Considering patient factors and injury factors, treatment for acetabular fractures should be highly individualized7. Patient factors include pre-injury ambulatory function; medical state such as whether surgery can be tolerated; and injury factors including injury mechanism, associated injury, and fracture characteristics. Regarding fracture characteristics, previous studies have emphasized negative predictive factors such as concomitant femoral head fracture, articular comminution, and articular impaction involving the weight-bearing dome8,9. Rommens et al. described ORIF as a way of reconstructing a stable socket for later safe-cup implantation when negative predictive factors present in elderly patients10.
Among those negative predictive factors, superomedial dome impaction (dome impaction), described as ‘gull sign’ by Anglen et al., was initially reported as the inability to obtain reduction and stable fixation11 (Fig. 1). They have reported that early loss of reduction occurred in 7 of 10 patients with dome impaction despite reduction of the dome fragment, and dome impaction was 100% predictive of failure of reduction and/or fixation. Subsequently, reduction techniques for dome impaction have been reported with relatively successful outcomes12. Laflamme et al. have demonstrated direct reduction through an intrapelvic approach, reporting 33% (3 out of 9 patients) of overall conversion rate to THA13.

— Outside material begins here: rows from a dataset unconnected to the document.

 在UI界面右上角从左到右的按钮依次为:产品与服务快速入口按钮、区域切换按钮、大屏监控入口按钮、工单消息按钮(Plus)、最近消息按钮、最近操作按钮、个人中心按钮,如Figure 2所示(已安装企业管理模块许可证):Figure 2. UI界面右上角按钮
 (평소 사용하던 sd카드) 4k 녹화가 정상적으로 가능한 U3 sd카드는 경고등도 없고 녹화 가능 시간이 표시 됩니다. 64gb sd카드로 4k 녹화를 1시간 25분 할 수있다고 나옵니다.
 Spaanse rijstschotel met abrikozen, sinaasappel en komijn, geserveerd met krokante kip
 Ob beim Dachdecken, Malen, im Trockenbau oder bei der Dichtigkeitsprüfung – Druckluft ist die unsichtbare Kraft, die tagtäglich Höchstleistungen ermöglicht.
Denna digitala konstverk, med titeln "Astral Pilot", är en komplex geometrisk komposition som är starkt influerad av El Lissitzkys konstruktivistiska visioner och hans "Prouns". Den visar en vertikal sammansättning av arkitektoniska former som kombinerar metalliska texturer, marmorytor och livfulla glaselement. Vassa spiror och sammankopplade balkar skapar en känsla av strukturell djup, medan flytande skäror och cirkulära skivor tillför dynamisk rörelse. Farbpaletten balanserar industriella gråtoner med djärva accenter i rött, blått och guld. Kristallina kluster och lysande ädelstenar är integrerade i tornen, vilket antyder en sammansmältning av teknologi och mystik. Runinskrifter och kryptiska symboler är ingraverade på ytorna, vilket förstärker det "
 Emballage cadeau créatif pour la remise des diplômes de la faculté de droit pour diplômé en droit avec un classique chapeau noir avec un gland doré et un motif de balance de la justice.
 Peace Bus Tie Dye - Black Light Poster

Case of acetabular fracture with dome impaction. (a) A 72-year-old woman had an injury associated with a column fracture with dome impaction (white arrow). (b) Surgery was performed without reduction and fixation of the impacted dome fragment. (c) Five years postoperatively, the patient presented with post-traumatic osteoarthritis and severe pain. (d) Total hip arthroplasty was performed.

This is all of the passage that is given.